Whether it was more investment, better technology, lower birth rates, broader education or debt relief, each once-fashionable theory of how to end third world poverty has ultimately fallen flat. Sub-Saharan Africa, the area most tended to by Western economists since their search began, has barely grown at all. Although some directed forms of aid have been highly effective — like health programs providing oral rehydration therapy or vaccinations for children — the key to the overall development puzzle has remained a mystery.

"When you're talking about development, you're talking about wholesale transformation of a society," Mr. Roodman said. "You're trying to recreate the history of the Western world over the last 200 years, to put other countries through that process. No one knows how to do that."

Even if someone did, it would be tough to prove on paper. Cross-country statistical studies may be inaccurate because, as Mr. Dollar pointed out, "there are a relatively small number of countries in the world" and so many potential variables. For one thing, aid is not always aimed at promoting growth. During the cold war, for example, much of American foreign aid was funneled toward American allies in the fight against Communism, regardless of its likely effect on development. Since the collapse of the Soviet Union, the amount of American foreign aid has declined, and its focus has shifted.

As Mr. Radelet, now a senior fellow at the Center for Global Development, noted: "Our two largest aid recipients are Israel and Egypt. The main reason for that aid is to support the Camp David Accords, not for economic development."

He continued, "In the last two years we've provided huge amounts of foreign aid to Pakistan, Jordan, Egypt and Turkey because they are frontline states in the war on terrorism."

Even when aid does seek to promote development, though, how recipients spend it is only part of the story. Mr. Easterly stressed problems on the donor end: "You have bloated, inefficient bureaucracies that don't really know what they're doing as far as achieving results," he said in an interview. He compared agencies like the United States Agency for International Development and the World Bank to "companies that get no customer feedback." The customers are the poor, and the poor often have little say in their own governments, let alone in international organizations, he said, adding, "It's as if Hollywood was making movies but never had any information about ticket sales."

So people look at the latest research — but only to a certain extent.

Mr. Burnside, who is now an economics professor at the University of Virginia, called the Easterly study "a significant challenge to our results" because it was the only one that used a very similar methodology. Still, he added, "the notion that among poor countries aid should be allocated to those with better institutions and policies has gained currency not because of any single statistical study, but rather because several different types of information all point in the same direction." (The two authors, who were both economists at the World Bank when they published their article, are working on a new paper responding to their critics.)

The Bush administration, for its part, does not seem particularly concerned about the latest findings. A senior White House official familiar with the new paper dismissed the dispute as "a statistical issue" that does not alter the soundness of the government's approach.

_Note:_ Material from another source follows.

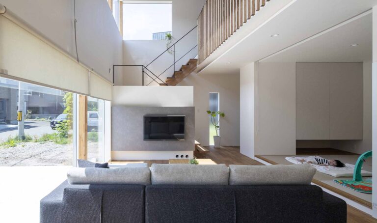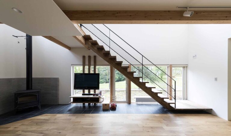 山を望む土地のポテンシャルを生かし、LDKやテラス、家事室など暮らしの中心は見晴らしの良い2階に集約。シェフであるIさんにとって特別な場所であるキッチンは、ダイニングとの距離感や、目線の高さを考えて繊細に調整し、床レベルを7㎝下げています。住宅地の喧騒を忘れて山を望む2階のLDKや、薪ストーブの炎を眺めて心穏やかに過ごす1階。Iさんご一家の新たな住まいは、そこかしこに自然と家族が集う豊かな空間が配されています。
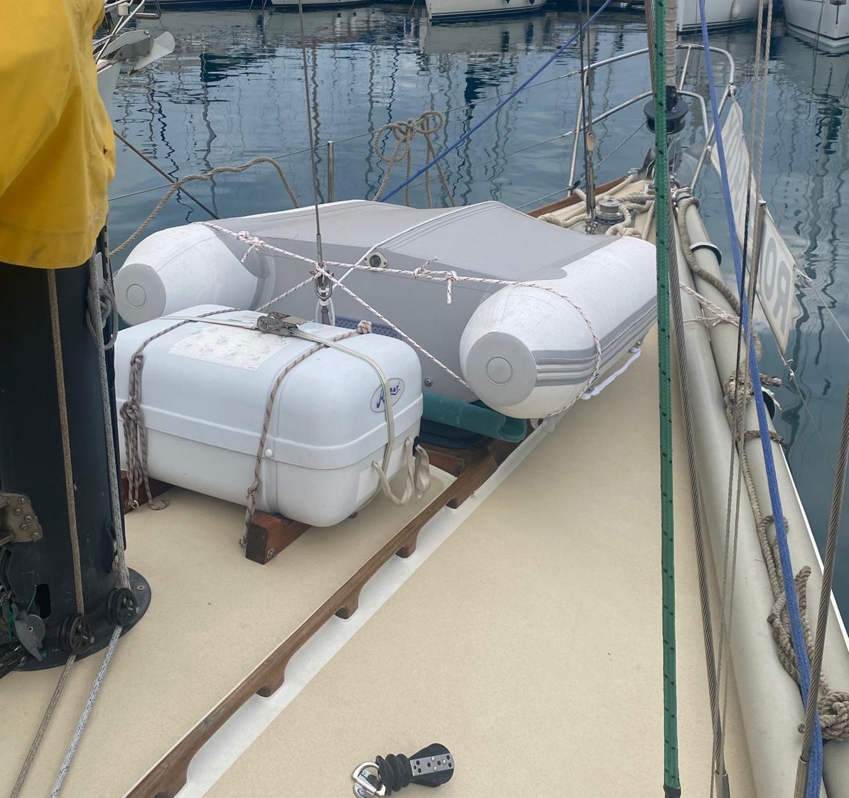 – tender nuovo (2024) con motore Honda 2,3cv, portamotore sul pulpito di poppa, scaletta/

Few economists would disagree that policymakers should consider how governments are likely to use aid money. Dani Rodrik, professor of international political economy at the John F. Kennedy School of Government at Harvard, called the basic philosophy of the Millennium Challenge Account sound. "We have learned that attaching policy conditions to aid is futile when the recipient governments are uninterested in generating economic growth and poverty alleviation," he said.

But he added that there was still no magic formula for growth. China, India and Vietnam, for example, have all been economically successful in the past two decades, he said, but would not have passed the criteria set out by the Millennium Challenge Account. Trying a one-size-fits-all foreign aid policy "presumes not only that we have a fairly good idea what growth-promoting policies are, but also that these policies are the same everywhere," Mr. Rodrik said. "Neither of these presumptions is supported by evidence."